Mr. Tupman looked round. There was the fat boy, perfectly motionless, with his large circular eyes staring into the arbour, but without the slightest expression on his face that the most expert physiognomist could have referred to astonishment, curiosity, or any other known passion that agitates the human breast. Mr. Tupman gazed on the fat boy, and the fat boy stared at him; and the longer Mr. Tupman observed the utter vacancy of the fat boy's countenance, the more convinced he became that he either did not know, or did not understand, anything that had been going forward. Under this impression, he said with great firmness—

"What do you want here, sir?"

"Supper's ready, sir," was the prompt reply.

"Have you just come here, sir?" inquired Mr. Tupman, with a piercing look.

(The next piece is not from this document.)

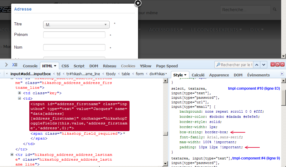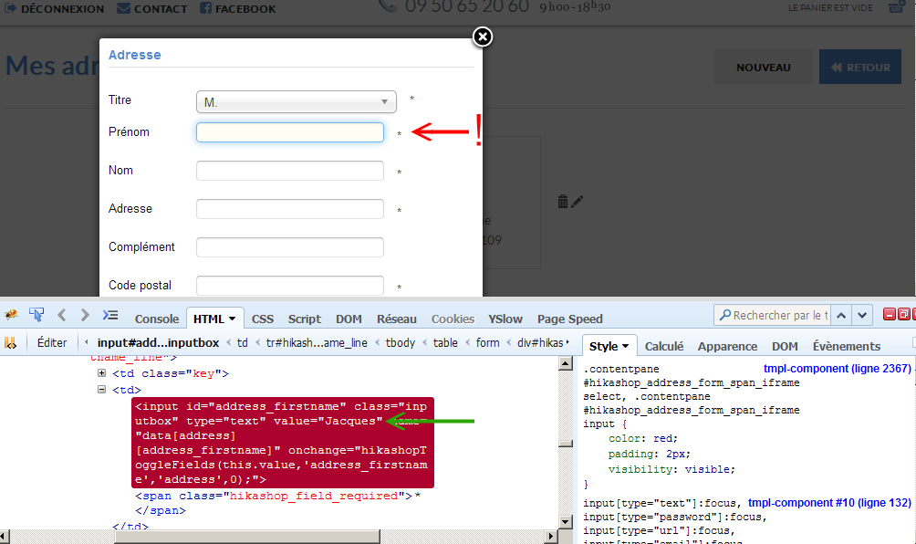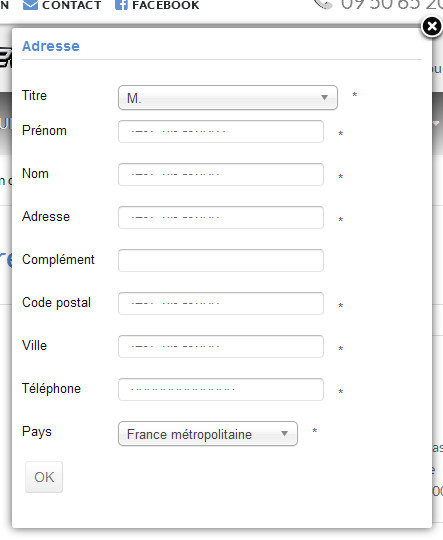 Il y a du nouveau : pour en avoir le cœur net, je me suis connecté avec ce même compte que vous avez créé (désolé, j'ai dû changer votre mot de passe). Toujours impossible de modifier l'adresse. MAIS : je me déconnecte (Firefox v 35), et me reconnecte, cette fois avec Chrome (v 43). Même tentative, et là, ô miracle (?), le contenu des champs textes apparaît tout à fait normalement — comme dans votres test — et j'arrive à éditer l'adresse.

"Just," replied the fat boy.

Mr. Tupman looked at him very hard again; but there was not a wink in his eye, or a curve in his face.

Mr. Tupman took the arm of the spinster aunt, and walked towards the house; the fat boy followed behind.

"He knows nothing of what has happened," he whispered.

"Nothing," said the spinster aunt.

There was a sound behind them, as of an imperfectly suppressed chuckle. Mr. Tupman turned sharply round. No; it could not have been the fat boy; there was not a gleam of mirth, or anything but feeding in his whole visage.

"He must have been fast asleep," whispered Mr. Tupman.

"I have not the least doubt of it," replied the spinster aunt.